Abstract

In 1964 the Bamenda Grassfields, then composed of the three West Cameroon prefectures of Bamenda, Wum and Nkambe, had a population of almost 575,000, which was densest in the Bamenda prefecture, adjoining the populous Bamileke prefectures. By 1967 these three prefectures had been increased to five–Bamenda, Gwofon, Nso, Wum and Nkambe– by division of the former Bamenda prefecture into three (Bamenda, Gwofon and Nso) and the addition to Gwofon of the Widekum-Menka area formerly administered as part of Mamfe Division. The distribution and age and occupational structure of the population are discussed in The Population of West Cameroon: Main Findings of the 1964 Sample Demographic Survey (Ministry of Economic Affairs and Planning, 1966). A census was carried out by the British administering authorities in 1953, based on socalled ‘clan areas’—a misnomer.

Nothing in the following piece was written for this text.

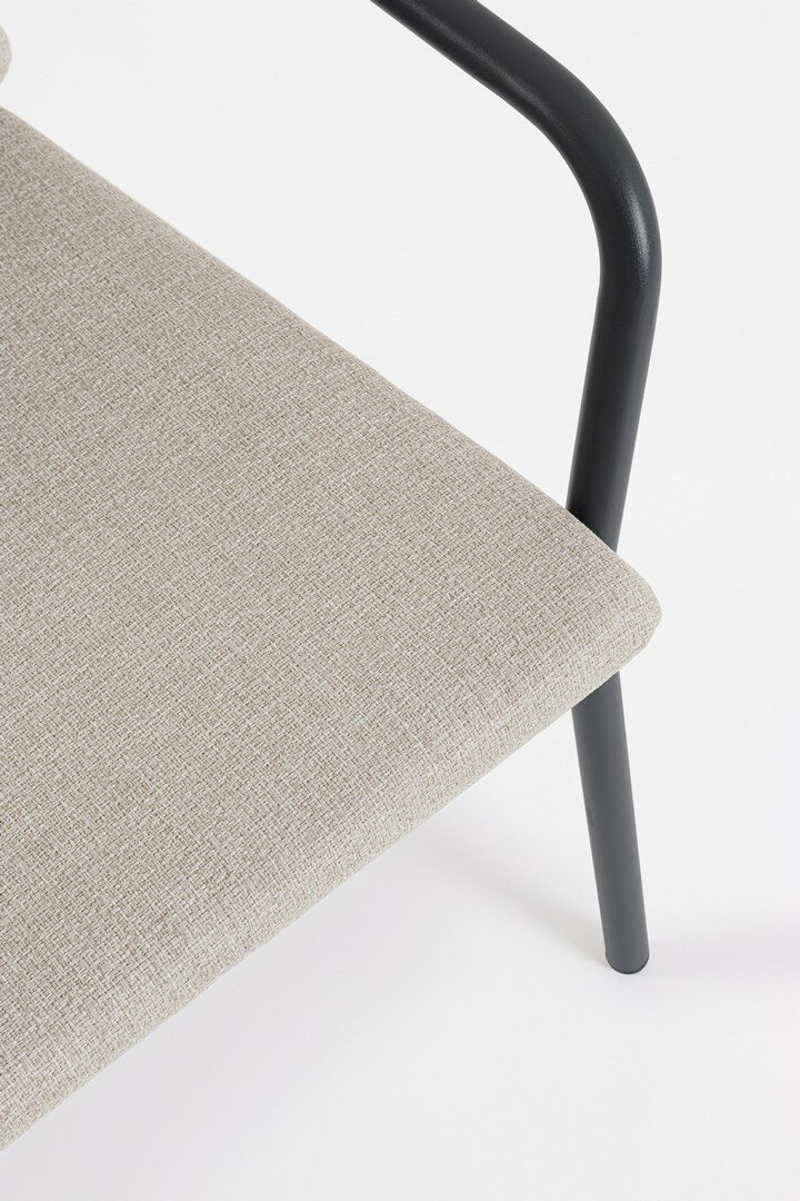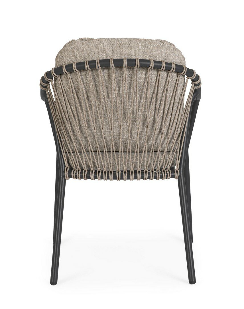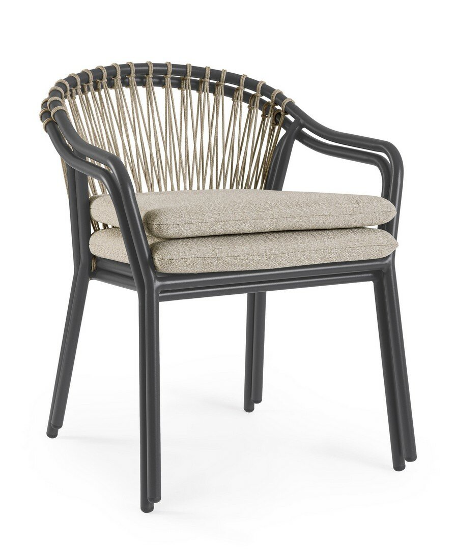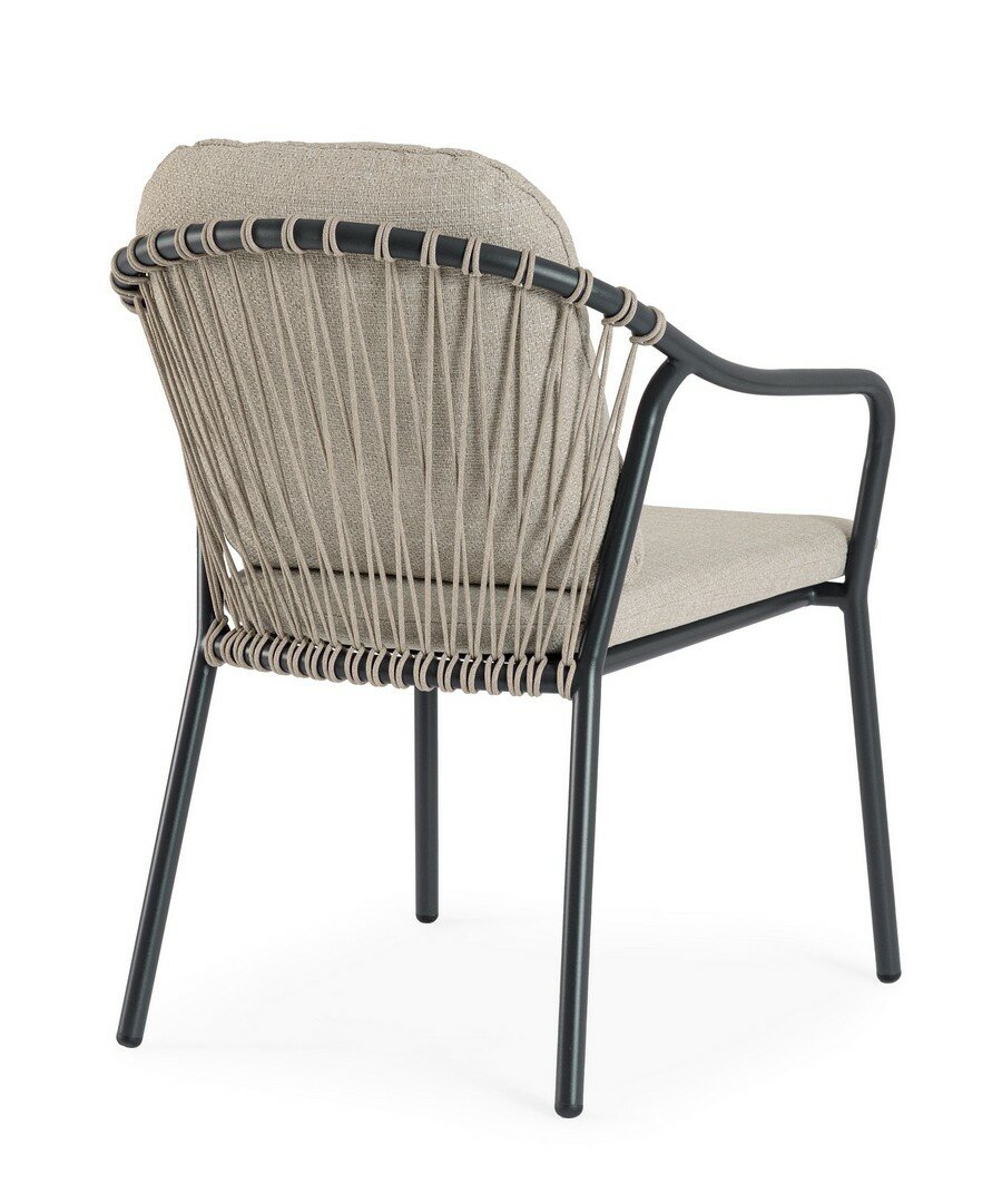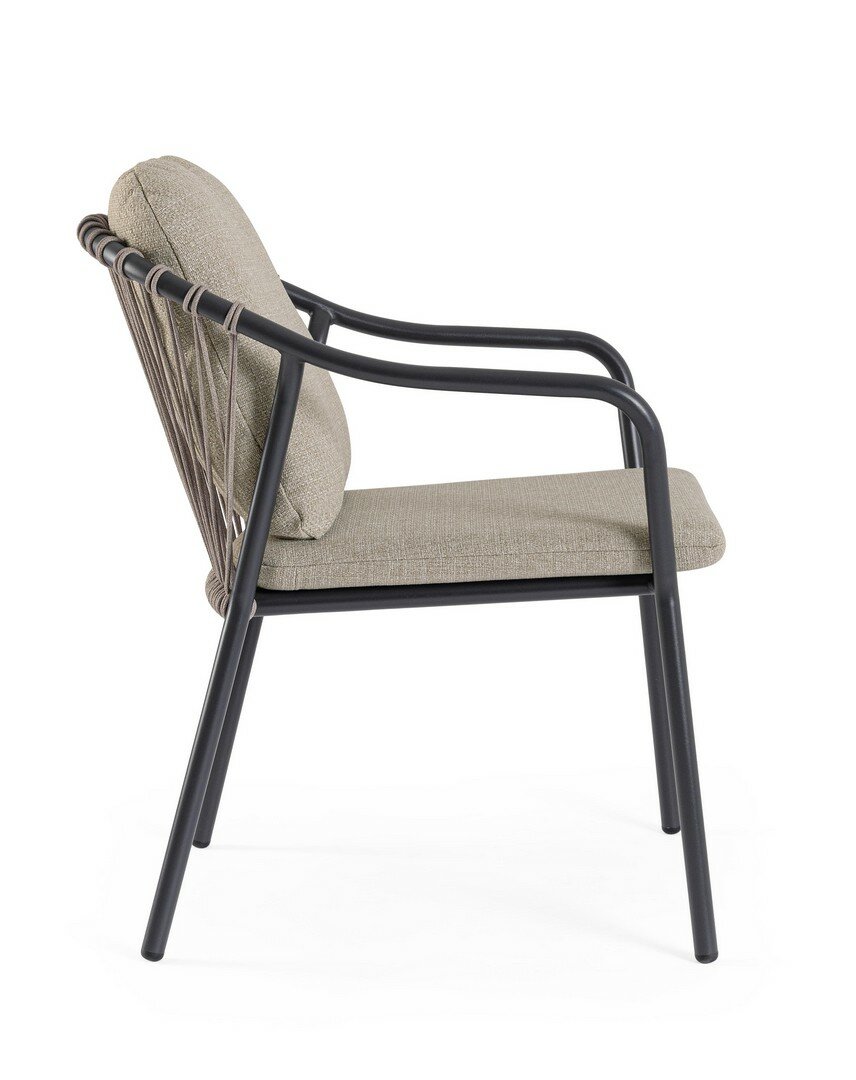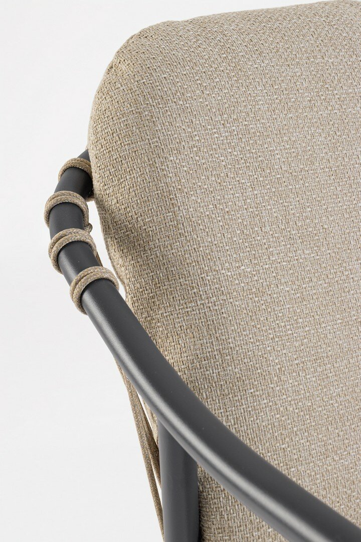 STRUCTURE EN ALUMINIUM PEINT À POUDRE (POLYESTER). DOSSIER (AVEC TRESSAGE EN CORDE D’OLÉFIN). COUSSINS DÉHOUSSABLES AVEC TISSU HYDROFUGE OLEFIN (100% POLYPROPYLÈNE). EMPILABLE.

The general picture given in administrative reports and reproduced in the 1953 census ethnic categories was of the broad division of the region into Tikar, Chamba (Bali), Tiv (Munshi) and Widekum, with small refugee enclaves on the northern borders. The significance and doubtful validity of these categories will be discussed in our forthcoming contribution to the Histoire des peuples et civilisations du Cameroun (ed. Claude Tardits), and are dealt with in some detail in E. M. Chilver and P. M. Kaberry, Notes on the Precolonial History and Ethnography of the Bamenda Grassfields (cyclostyled, 1966, for the Ministry of Education, West Cameroon).